Les esprits ont mis quelques heures avant de se calmer et la réunion à commencé avec de grands éclats de voix. L’ancien disait qu’il fallait être prudent, refaire une autre mesure le lendemain, histoire d’être sûr. Les jeunes voulaient sortir tout de suite, et je les comprenais. Comment résister pendant presque un mois, confinés les uns sur les autres, à faire semblant de ne pas se marcher sur les pieds. J’avais d’autorité réquisitionné la pièce du fond et organisé les tours de chacun. On avait droit à quarante minutes par jour, seul et isolé dans cette pièce, et personne n’avait le droit de venir vous déranger. C’était le maximum possible vu les circonstances mais j’étais sûr que cela nous avait permis d’éviter le pire. J’ai pris la parole en poussant un peu la voix et j’ai annoncé qu’on ferait une seconde mesure six heures plus tard et que si c’était encore négatif alors nous ouvririons les sas. Les plus énervés ont protesté un moment en prétextant le peu de risques, et ils ont fini par se calmer lorsqu’ils ont constaté que les autres sortaient tranquillement en discutant. Personne ne les écoutait plus.

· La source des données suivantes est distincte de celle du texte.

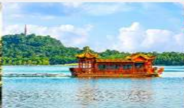
ล่องเรือทะเลสาบหลิวเยว่หู

Je trouvais la météo légèrement curieuse ce soir. Nous avions trente centimètres de neige il y a un mois, le jour de la catastrophe, avec des températures négatives. Aujourd’hui il faisait plus de vingt degrés et la végétation apparaissait très verte et abondante. C’était le soir béni où l’air était tiède et sentait la montée de sève, c’était ce que j’imaginais, et puis ils ont eu cette fuite au centre de recherche voisin, une minuscule fuite avaient-ils dit à la radio avant de décréter l’état d’urgence. Personne ne savait ce qui avait été relâché dans l’air, mais le biologiste du labo avait déduit qu’il ne pouvait s’agir que d’un virus ou d’une bactérie anaérobie, façon toxine botulique ou tétanos. Une saloperie sans aucun remède connu bien sûr sinon ils ne nous auraient pas ordonné de rester confinés.

Je suis resté quelques minutes devant le vasistas ouvert ce matin, après la seconde mesure qui s’était avérée négative comme la première. Quelques minutes pendant lesquelles j’ai laissé divaguer mes pensées de-ci de-là. Ce n’est qu’après un bon moment, alors que l’ancien venait tout juste de passer de l’autre côté sur son fauteuil, que j’ai enfin réalisé. Il n’y avait pas un seul bruit. Pas un. D’ordinaire, à cette époque, c’était un concert de piaillements et de bourdonnements. Là rien. Pas un son hormis celui du vent dans les branches du pommier. Pas un seul oiseau, pas une seule abeille, pas un seul chien errant, rien. J’ai aussitôt cherché le biologiste dont je ne connaissais toujours pas le nom. Lui aussi avait remarqué et quelques autres s’étaient mis en chasse d’un insecte, d’un ver de terre ou d’un quelconque animal vivant. Quelques heures plus tard, tout le monde était rentré bredouille. Un règne avait cessé.

Les fleurs ont éclos les unes après les autres pendant les quelques mois qui nous séparaient de l’été. Et puis elles se sont rabougries. Toujours ce silence, pesant, qui emplissait nos têtes d’une mélancolie profonde. Tout le monde avait finalement compris ce qui était en train de se passer. Tout le monde avait enfin compris que les vingt-huit jours passés confinés n’étaient rien par rapport à ce qui nous attendaient dans les jours qui venaient. J’ai remonté la couverture sur mes genoux en attendant le coucher du soleil, sous le feuillage jaunissant du pommier où j’étais installé.

J’ai rêvé d’une pomme et j’ai commencé à pleurer.


Texte écrit à l’occasion des sabliers givrés de Kozlika, dont l’entame du grain 7, choisie par Lyjazz, provenait d’un billet de David sur son blog Tangible, Apocalypse tomorrow :

C’était le soir béni où l’air était tiède et sentait la montée de sève. Le soir attendu où la fenêtre était enfin ouverte et où je brûlais d’envie d’être en manches courtes.